Geospatial Intelligence Support to Joint Operations (Joint Publication 2-03) Chairman of the Joint Chiefs of Staff


Published: October 15th 2012


134 pages


Geospatial Intelligence Support to Joint Operations (Joint Publication 2-03)  by  Chairman of the Joint Chiefs of Staff

Geospatial Intelligence Support to Joint Operations (Joint Publication 2-03) by Chairman of the Joint Chiefs of Staff
October 15th 2012 | Paperback | PDF, EPUB, FB2, DjVu, AUDIO, mp3, ZIP | 134 pages | ISBN: | 9.45 Mb

This publication provides doctrine for geospatial intelligence (GEOINT) support to joint operations. This publication discusses GEOINT roles, planning, coordination, production, dissemination, and existing architectures that support GEOINT and the geospatial information and services and intelligence officer in planning, execution, and assessment of the mission.

Geospatial intelligence (GEOINT) supports joint forces in their ability to rapidly respond to threats around the world by providing geo-referenced visual and data products that serve as a foundation and common frame of reference for any joint operation. GEOINT is the exploitation and analysis of imagery and geospatial information to describe, assess, and visually depict physical features and geographically referenced activities on the Earth.

GEOINT consists of imagery, imagery intelligence (IMINT), and geospatial information. Imagery: A likeness or presentation of any natural or manmade feature or related object or activity and the positional data acquired at the same time the likeness or representation was acquired, including products produced by space-based national intelligence reconnaissance systems, and likenesses or presentations produced by satellites, airborne platforms, unmanned aerial vehicles, or other similar means (except that such term does not include handheld or clandestine photography taken by or on behalf of human intelligence collection organizations).
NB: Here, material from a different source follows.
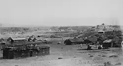 Italian troops took advantage of Alula's absence, the power vacuum left as a result of Emperor Yohannes’ death, and the havoc wreaked by three years of famine to take control of the city on August 3, 1889.[8] They built their fort on a hill in the village of Beit Mekae, forcing the inhabitants of this village to resettle nearby. At the time of General Baldisera’s arrival, the small town had 3000 inhabitants[8] and consisted of traditional mud huts, Agdos and Hidmos. Above all, the military fort at Beit Mekae was a strategic point when it came to controlling the local population; it also served as a military strongpoint from which local uprisings, which were largely directed against the government’s power of eminent domain, could be suppressed.[9] Eritrea officially became an Italian colony in 1890 and Massawa – already the seat of the colonial administration since 1885 – was declared the capital. At this time, because of the danger of insurrection in the highlands, Asmara was not considered to become the capital of the new colony. Furthermore, Bizzon explains, Asmara was not developed enough to serve as the capital: "Politically, militarily, and even logistically, the distance between Massawa and Asmara is greater than the distance between Italy and Massawa."[10] The lack of an infrastructural link to Massawa prevented Asmara from developing quickly.

Imagery Intelligence: The technical, geographic, and intelligence information derived through the interpretation or analysis of imagery and collateral materials. Geospatial Information: Information that identifies the geographic location and characteristics of natural or constructed features and boundaries on the Earth, including: statistical data and information derived from, among other things, remote sensing, mapping, and surveying technologies- and mapping, charting, geodetic data, and related products.

The term GEOINT encompasses both the standard, or traditional, and the specialized (integrated) capabilities of imagery, IMINT, and geospatial information. The full utility of GEOINT comes from the integration of all three, which results in more comprehensive, tailored GEOINT products for a wider scope of problems and customers across all functional areas. Advances in technology and the use of geospatial data throughout the joint force have created the ability to use geography as an integrating function resulting in more sophisticated capabilities for visualization, analysis and dissemination of fused views of the operational environment.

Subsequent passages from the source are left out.